Dialogue | |
Type: | Studio |
Artist: | Bobby Hutcherson |
Cover: | Hutcherson Dialogue.jpg |
Released: | September 1965[1] |
Recorded: | April 3, 1965 |
Studio: | Van Gelder Studio, Englewood Cliffs, NJ |
Genre: | Post-bop, modal jazz, avant-garde jazz |
Length: | 45:21 |
Label: | Blue Note BST 84198 |
Producer: | Alfred Lion |
Prev Title: | The Kicker |
Prev Year: | 1963 |
Next Title: | Components |
Next Year: | 1965 |
Dialogue is an album by jazz vibraphonist Bobby Hutcherson, released on the Blue Note label in 1965. This was Hutcherson's first LP released as bandleader (an earlier session, The Kicker, has since been issued on CD by Blue Note) following work with Eric Dolphy. The album features four Andrew Hill compositions and two Joe Chambers pieces. It has received widespread critical acclaim and is considered by most critics one of Hutcherson's greatest achievements.
Written in an 8/4 Latin style, the opener, "Catta", is the most conventional piece on the album (as drummer Chambers said in the liner notes; "conventional?").[2] "Idle While" is a lyrical waltz provided by Chambers. "Les Noirs Marchent", meaning "The Blacks are marching" is a militaristic style song using collective improvisation.[2] "Dialogue" is the most free in nature, with an ominous opening phrase played by Hutcherson, before the others proceed to abandon the idea of a solo. "Ghetto Lights" was written whilst Bobby was at Hill's house and was inspired by a tune played by Hill's wife, Laverne. As Hutcherson recounted, "some of her tunes had a real ghetto feel".[3] "Jasper" was originally released on the 1968 record Spiral.
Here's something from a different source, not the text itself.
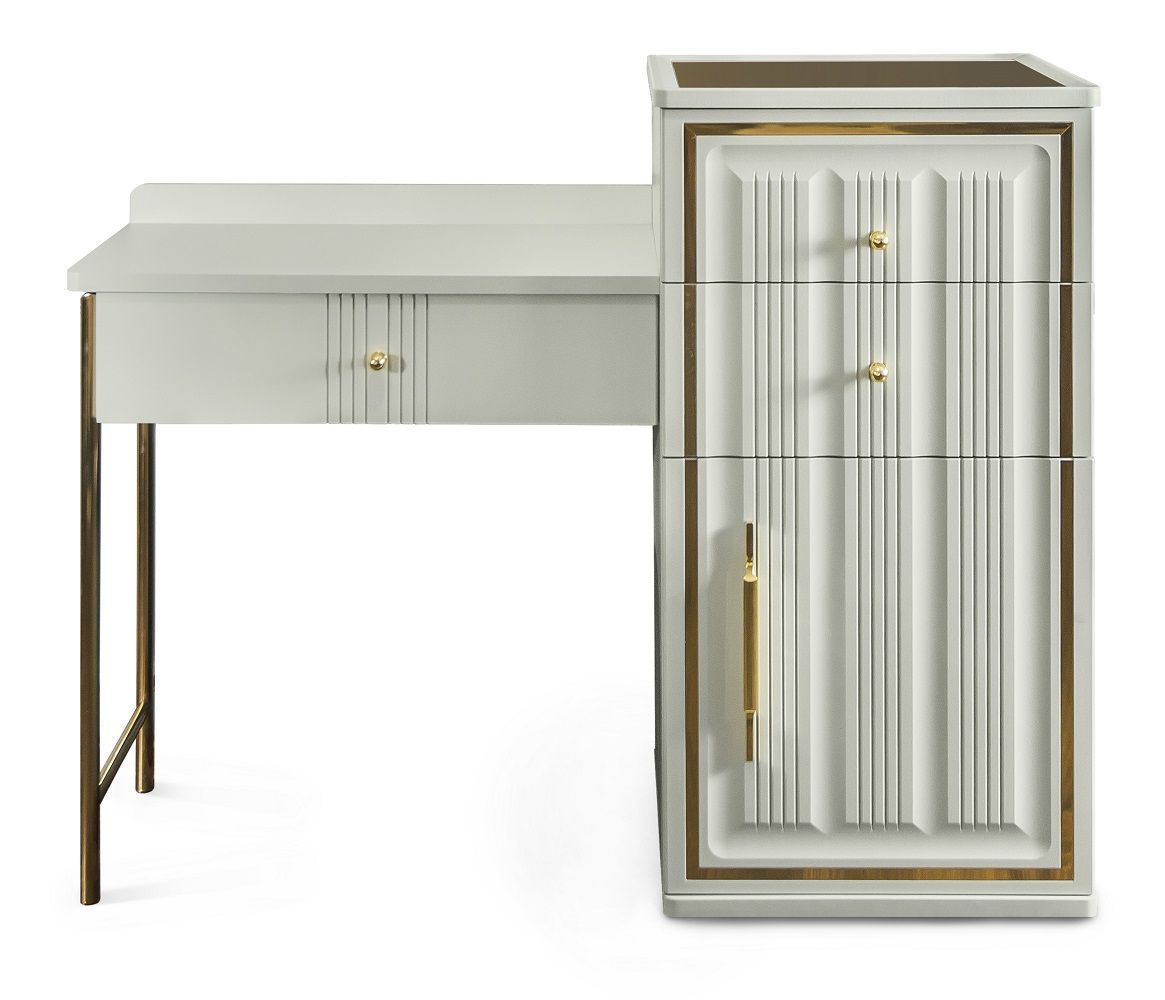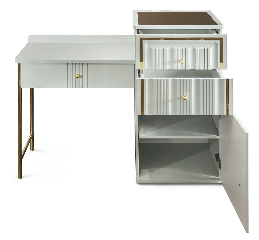метализированный декор и фактурная фрезеровка на фасадах — авторский стиль Эра оригинальные металлические опоры в цвете латунь  - облегчают пространство и добавляют возможность использовать современные гаджеты -  уборка с помощью робота пылесоса

The Penguin Guide to Jazz awarded it the maximum four stars, as well as the special "crown" accolade in the first and second editions. According to the authors: "Dialogue stands head and shoulders above [Hutcherson's other classic Blue Note dates]. Drawing on some of the free-harmonic and -rhythmic innovations developed on Eric Dolphy's Out to Lunch (on which Hutcherson played), he began to develop a complex contrapuntal style that involved parallel melodies rather than unisons and complex rhythmic patterns which he conceived... as focal points round which the musicians operated."[4] AllMusic's Steve Huey gave the album five stars as well writing: "Dialogue remains Hutcherson's most adventurous, "outside" album, and while there are more extensive showcases for his playing, this high-caliber session stands as arguably his greatest musical achievement".